Research Article: In- and ex-vivo molecular imaging of apoptosis to assess sensitivity of non-small cell lung cancer to EGFR inhibitors using probe-based confocal laser endomicroscopy

Date Published: July 3, 2017

Publisher: Public Library of Science

Author(s): Florian Guisier, Pierre Bohn, Maxime Patout, Nicolas Piton, Insaf Farah, Pierre Vera, Luc Thiberville, Mathieu Salaün, Aamir Ahmad.


Prediction of treatment outcome of non-small cell lung cancer (NSCLC) with EGFR inhibitors on the basis of the genetic analysis of the tumor can be incorrect in case of rare or complex mutations, bypass molecular activation pathways, or pharmacodynamic variations. The aim of this study was to develop an ex vivo and in vivo real-time quantitative imaging test for EGFR inhibitors sensitivity assessment.

Erlotinib resistant (A549, H460, H1975), insensitive (H1650) and hypersensitive (HCC827) cell lines were injected subcutaneously in Nude mice. Tumor xenografts from mice treated with Erlotinib were imaged ex vivo and in vivo using probe-based confocal laser endomicroscopy (pCLE) and NucView 488 Caspase 3 substrate, a fluorescent probe specific for the activated caspase 3.

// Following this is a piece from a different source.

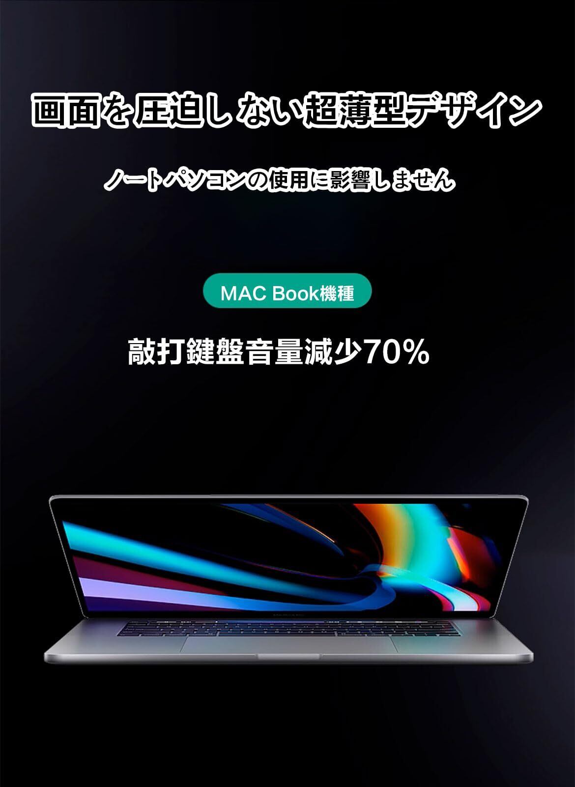 タイピングの快適さをそのままに、ほこりや液体の侵入から大切なMacBookのキーボードを守りたい。そんな細やかな要望に応えるのが、このMacBook Air / MacBook Pro 専用設計のキーボードカバーです。

Assessment of apoptosis at 24h post treatment, both ex vivo in explanted tumor xenografts and in vivo, showed a significant difference between resistant cell lines (A549, H460 and H1975) and insensitive (H1650) or hypersensitive (HCC827) ones (p<0.05 for ex vivo imaging, p≤0.02 for in vivo imaging). There was also a significant difference between insensitive and hypersensitive cell lines, both ex vivo (p<0.05) and in vivo (p = 0.01). Real-time in vivo and ex vivo assessment of apoptosis using pCLE differentiates resistant from sensitive NSCLC xenografts to Erlotinib.

Partial Text

Over the past decade, identification of oncogenic molecular abnormalities in non-small-cell lung cancer (NSCLC), such as Epidermal Growth Factor Receptor (EGFR) activating mutations, has deeply changed the management of patients with advanced disease [1]. EGFR mutations convey constitutive activation of the EGFR and its downstream signaling pathways. Tumor cells bearing these mutations become highly dependent of the EGFR signal and thus are highly sensitive to EGFR tyrosine kinase inhibitors (EGFR-TKIs).

Our study shows that an in vivo in situ real-time imaging of apoptosis using pCLE enables to differentiate sensitive from resistant tumors to Erlotinib in a mouse model of lung adenocarcinoma, as early as 24 hours after treatment initiation.

This study shows that micro-imaging of apoptosis using pCLE with C3-NucView enables the differentiation of hypersensitive, insensitive and resistant tumors to Erlotinib, both in vivo and ex vivo. Although the technique was applied to Erlotinib sensitivity assessment only, it can be anticipated that it can be used for other drugs that induce apoptosis. If developed for ex-vivo analysis of patients’ samples, giving the growing number of targeted therapies in NSCLC and other tumors -with different resistance mechanisms for several of them-, a unique assessment method could be preferred to multiple genetic analysis, as it limits implementation costs and allows immediate testing for new molecules.